DIRECTIONS FOR THIS TASK
In the material below, find the line with "Thúy Hằng - Thúy" and the line with "Cette réédition d’une", then output those two lines and every line between them, exactly.

DATA EXTRACTS
────────

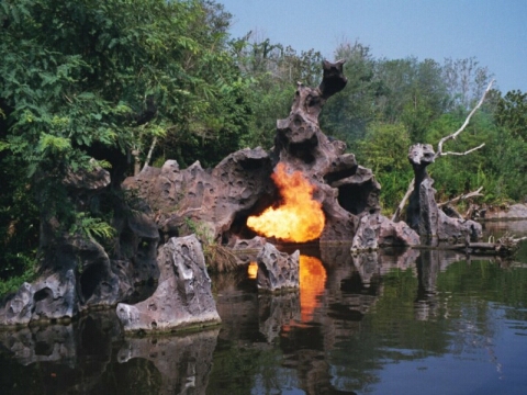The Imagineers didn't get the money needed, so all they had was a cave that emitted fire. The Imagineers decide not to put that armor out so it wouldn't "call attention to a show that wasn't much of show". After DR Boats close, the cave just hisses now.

────────

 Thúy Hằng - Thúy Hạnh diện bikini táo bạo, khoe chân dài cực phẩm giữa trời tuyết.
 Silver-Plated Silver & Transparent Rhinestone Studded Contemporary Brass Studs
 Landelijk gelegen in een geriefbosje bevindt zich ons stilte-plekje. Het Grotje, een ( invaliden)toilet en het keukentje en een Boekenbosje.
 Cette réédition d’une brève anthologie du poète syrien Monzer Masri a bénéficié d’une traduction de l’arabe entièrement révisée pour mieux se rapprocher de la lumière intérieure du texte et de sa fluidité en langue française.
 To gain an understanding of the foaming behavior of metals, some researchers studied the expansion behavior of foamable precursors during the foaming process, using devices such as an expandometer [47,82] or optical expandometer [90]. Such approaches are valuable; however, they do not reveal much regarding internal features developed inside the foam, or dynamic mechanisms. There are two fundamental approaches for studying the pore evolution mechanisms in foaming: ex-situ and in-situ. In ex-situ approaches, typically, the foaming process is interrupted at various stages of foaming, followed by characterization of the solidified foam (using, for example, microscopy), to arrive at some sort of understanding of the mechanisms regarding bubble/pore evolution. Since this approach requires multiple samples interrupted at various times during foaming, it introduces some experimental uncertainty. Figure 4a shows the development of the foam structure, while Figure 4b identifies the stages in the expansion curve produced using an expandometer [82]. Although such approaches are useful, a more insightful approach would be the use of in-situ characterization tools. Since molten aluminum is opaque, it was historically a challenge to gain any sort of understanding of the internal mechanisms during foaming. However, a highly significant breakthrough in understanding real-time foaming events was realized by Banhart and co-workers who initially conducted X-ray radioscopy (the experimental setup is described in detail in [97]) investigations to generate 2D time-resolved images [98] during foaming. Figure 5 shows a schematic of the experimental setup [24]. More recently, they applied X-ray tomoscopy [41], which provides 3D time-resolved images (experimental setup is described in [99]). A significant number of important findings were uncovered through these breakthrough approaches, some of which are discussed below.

────────

WORKED SOLUTION
 Thúy Hằng - Thúy Hạnh diện bikini táo bạo, khoe chân dài cực phẩm giữa trời tuyết.
 Silver-Plated Silver & Transparent Rhinestone Studded Contemporary Brass Studs
 Landelijk gelegen in een geriefbosje bevindt zich ons stilte-plekje. Het Grotje, een ( invaliden)toilet en het keukentje en een Boekenbosje.
 Cette réédition d’une brève anthologie du poète syrien Monzer Masri a bénéficié d’une traduction de l’arabe entièrement révisée pour mieux se rapprocher de la lumière intérieure du texte et de sa fluidité en langue française.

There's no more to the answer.